------ SUPPLIED INFORMATION

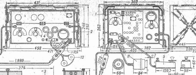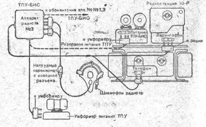 Рисунок радиостанции 9-РС, без использования ТПУ. Видно, что обе вилки шлемофона воткнуты в розетки в правой стенке корпуса радиостанции.
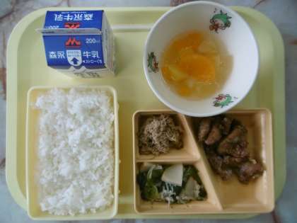 今日のニューは、白ごはん、鶏肉の唐揚げ、チンゲン菜とえのきの和え物、シーチキンのそぼろ煮、フルーツカクテル、牛乳です。
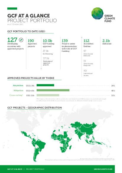 This publication is a useful reference of GCF's portfolio, providing an overview of GCF's projects and programmes, geographic distribution, and breakdowns of GCF funding.
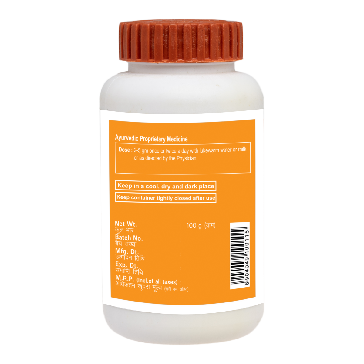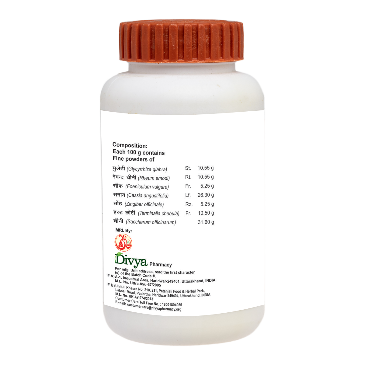 Light to dark greenish yellow colour, characteristic odour & sweet taste, fine powder Mulethi, Revand Chini, Sounf, Sanay, Sonth, Chhoti Harad, Chini. To be taken under medical supervision. Consume Divya Udarkalp Churna as directed by the physician.

------------

In the listing above, find the line containing "今日のニューは、白ごはん、鶏" and the line containing "This publication is". Print those two lines and every line between them exactly, with no pictures.

 今日のニューは、白ごはん、鶏肉の唐揚げ、チンゲン菜とえのきの和え物、シーチキンのそぼろ煮、フルーツカクテル、牛乳です。
 This publication is a useful reference of GCF's portfolio, providing an overview of GCF's projects and programmes, geographic distribution, and breakdowns of GCF funding.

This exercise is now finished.